Part of the theoretical part is a step-by-step example of how to generate a sample dataset, build the SVM classifier, train it, and visualize the decision boundary that has emerged after training. We'll explain every part, so that you understand with great detail how to build one yourself for a different dataset.

All right. Are you ready? Let's go :)


[toc]


What is classification in Machine Learning?

Let's revisit that scenario that we discussed above.

You are in your bedroom, because you've decided that you need to clean up your closet.

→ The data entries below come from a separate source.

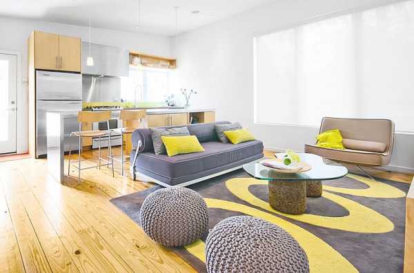 На фоне белых или светло-серых стен хорошо выглядит мебель графитового, антрацитового оттенка, дополненная яркими солнечными или канареечными аксессуарами. Это могут быть диванные подушки, большая ваза, абажуры у светильников. Полосатый ковер на полу завершит оформление.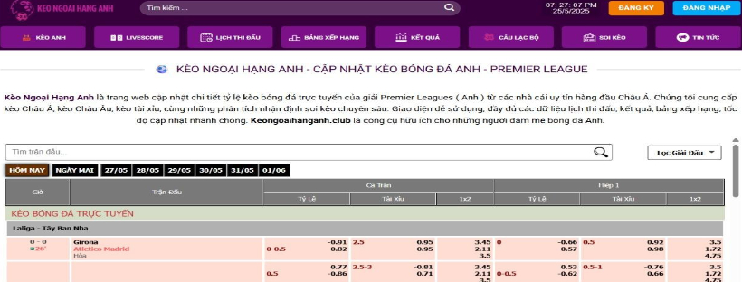 Kèo Ngoại Hạng Anh nơi cung cấp các dữ liệu kèo bóng đá Anh mới nhất và chuẩn xác. Xem chi tiết bảng kèo nhà cái Premier Leagues tại đây.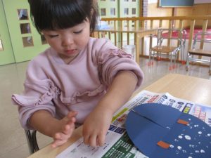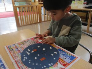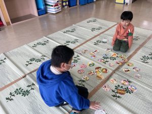 松組(5歳児)は、最近興味を持ち始めたカルタあそび。数種類あるカルタから自分たちで選びました。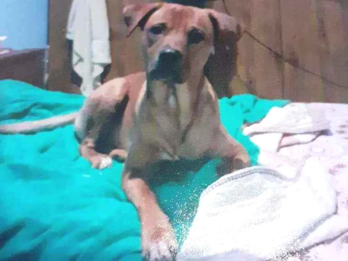 Cão caramelo escuro, magro e dócil procura novo lar. Precisa de espaço para correr e brincar. Ideal para casa com quintal ou sítio. Adote agora!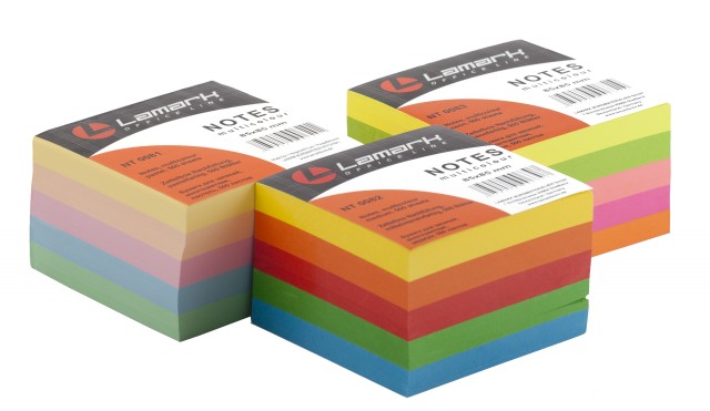 Блок бумаги для записей Lamark. Бумага пяти пастельных цветов плотностью 80 г/м2. Размер листа 85х85 мм, всего 500 листов. Блок вместе с этикеткой упа...
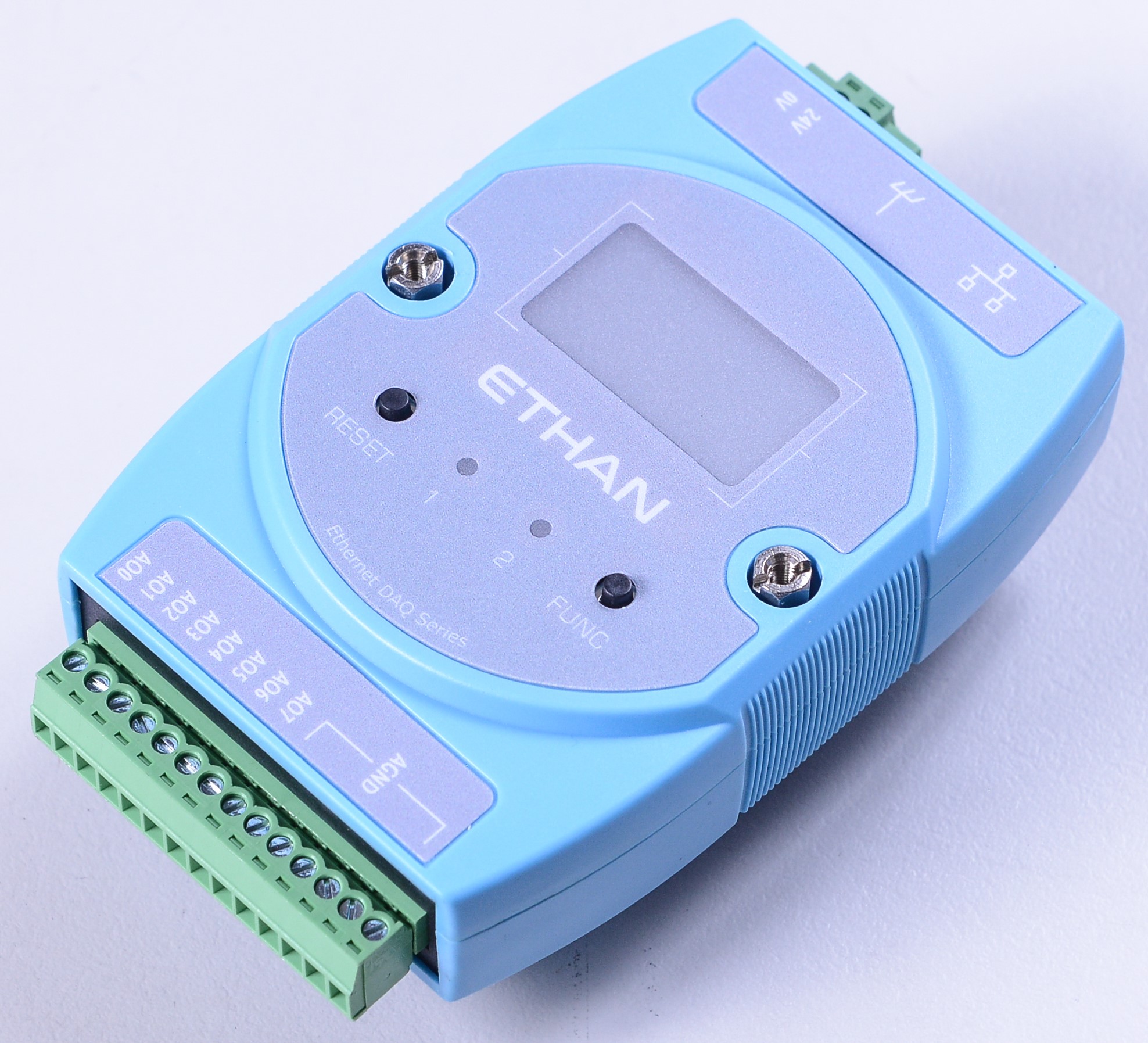 Ethernet-DAQ 使用說明書Ethan 產品型號Ethan-O本頁導覽Ethan-OEthan-O 提供 8 通道 16-bit 類比輸出(±10V),更新率達 1kHz,支援任意波形產生功能,適用於訊號模擬與控制應用。 產品外觀 主要特色 電源輸入: 24VDC 10/100 Base-T 乙太網路介面 類比輸出 (AO): 8 通道同步輸出 & 16-bit 單端解析度 輸出範圍: ±10V 最大更新率: 1kHz 支援波形產生功能 支援 Python, C#, 以及 LabVIEW 腳位定義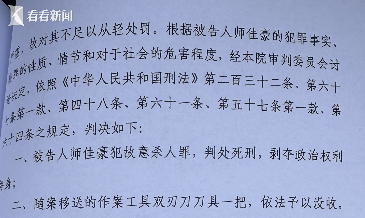 判决书显示,法庭认为被告人师佳豪事后未采取任何施救措施,其行为符合故意杀人罪的构成要件,师某某杀人意志坚决犯罪动机极其卑劣主观恶性极大、杀人手段特别残忍、犯罪后果特别严重,犯罪情节特别恶劣、社会危害性极大、实属罪行极其严重,故对其不足以从轻处罚。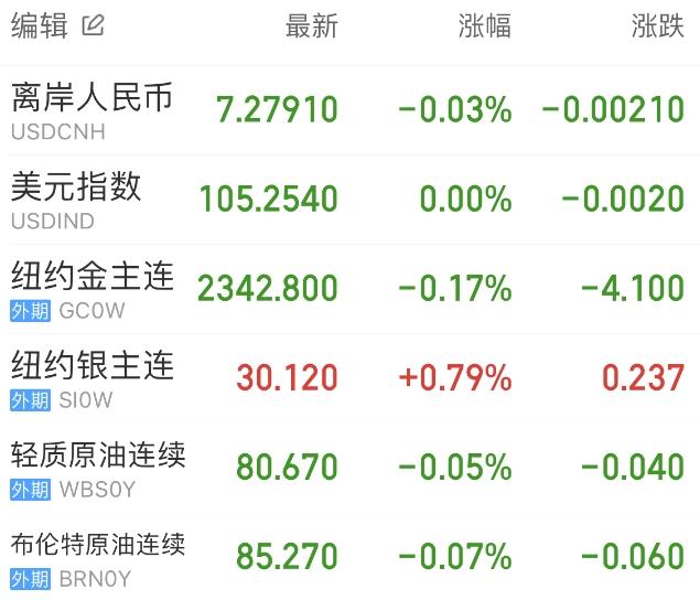 COMEX黄金收跌0.18%,报2343美元/盎司。COMEX白银最终收涨0.86%,报30.14美元/盎司。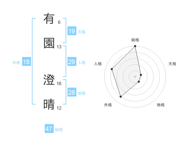 有園 澄晴さんを姓名の画数から五運を鑑定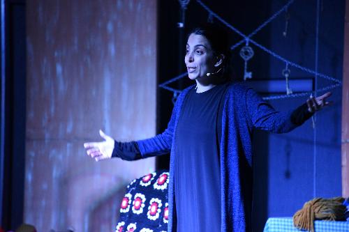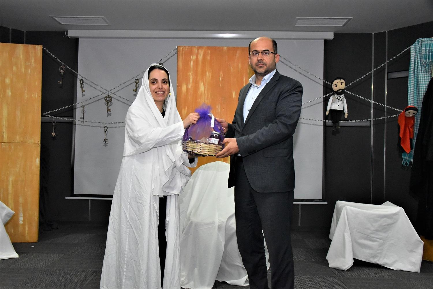Filistinli Meryem'in hayatını sahneye taşıdığı ve büyük ilgi gören “Filistin Hakkında Konuşmalıyız” adlı tek kişilik oyunun sonunda Karatay Belediye Başkan Yardımcısı Osman Ciğer, Oyuncu Nurdan Albamya’ya teşekkür etti.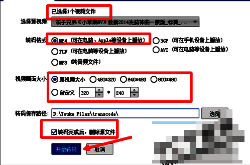 3.然后就会打开转码页面,我们在里面可以选择想要转码的格式,下面设置视频的尺寸,保存路径等,确认没有问题的话,点击开始转码即可。
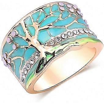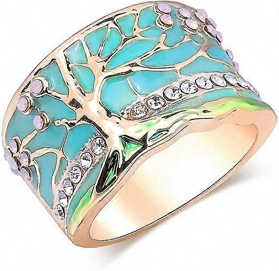 Flower Tree Rings Gold Pink Opal Green Enamel Wide Ring for Woman Party Crystal Vintage Jewelry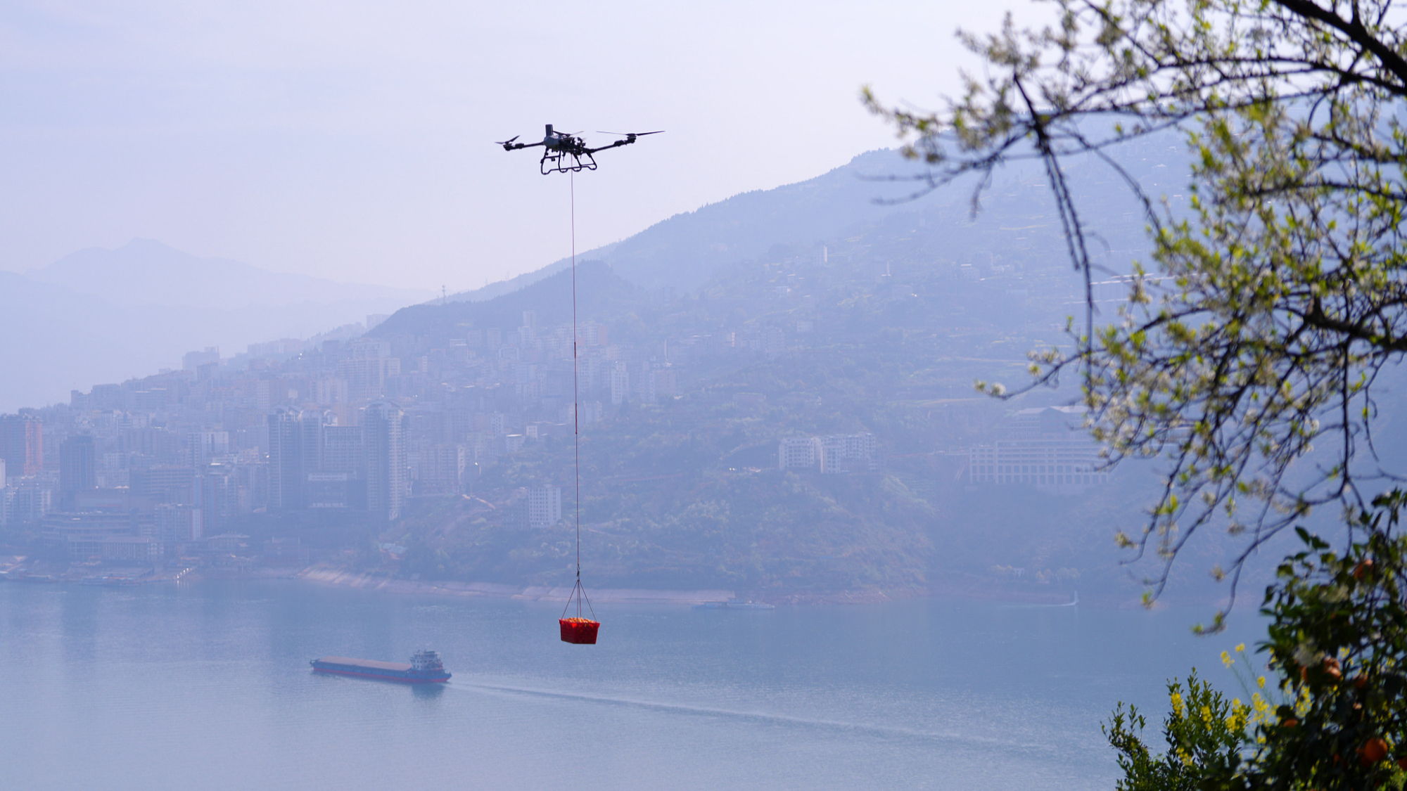 U okrugu Badung, u provinciji Hubei, seljani koriste dronove za transport prolećnih pomorandži. Lokalna uprava poslednjih godina podstiče primenu savremene opreme radi efikasnijeg transporta citrusa.

It's time to renew it, which includes getting rid of all the clothing that you no longer wear - or maybe, even have grown out of, in either of two directions :)

Photographer: Kai Pilger / Pexels License

You would follow this process:

  1. Pick an item from your closet.
  2. Take a look at it, and at your decision criteria, and make a decision:
    1. Keep it;
    2. Discard it;
  3. Put the item onto the pile of clothing that likely already exists, or at some assigned place for clothing assigned that particular choice if it's the first item you've assigned that decision to.

Translated into conceptual terms, this is what you have been doing:

  1. Pick a new sample.
  2. Check the characteristics of the sample against your decision criteria, and assign the class "keep" or the class "discard".

This means that you've been classifying new samples according to a preexisting set of decision criteria.

From the human world to the machine world

In fact, it is something we humans do every day: we make a choice to take ("yes") or don't take ("no") some fastfood out on our way home, to go for a run ("yes/no" again), whether a date is good or not ("friendzone/romance zone" ;-) ), and so on!

In supervised machine learning, scholars and engineers have attempted to mimic this decision-making ability by allowing us to create what is known as a classifier. Using data from the past, it attempts to learn a decision boundary between the samples from the different classes - i.e., the decision criteria we just mentioned for sorting the clothes.

The end result: a machine learning model which can be used to decide automatically what class should be assigned once it is fed a new sample. But, of course, only if it is trained well.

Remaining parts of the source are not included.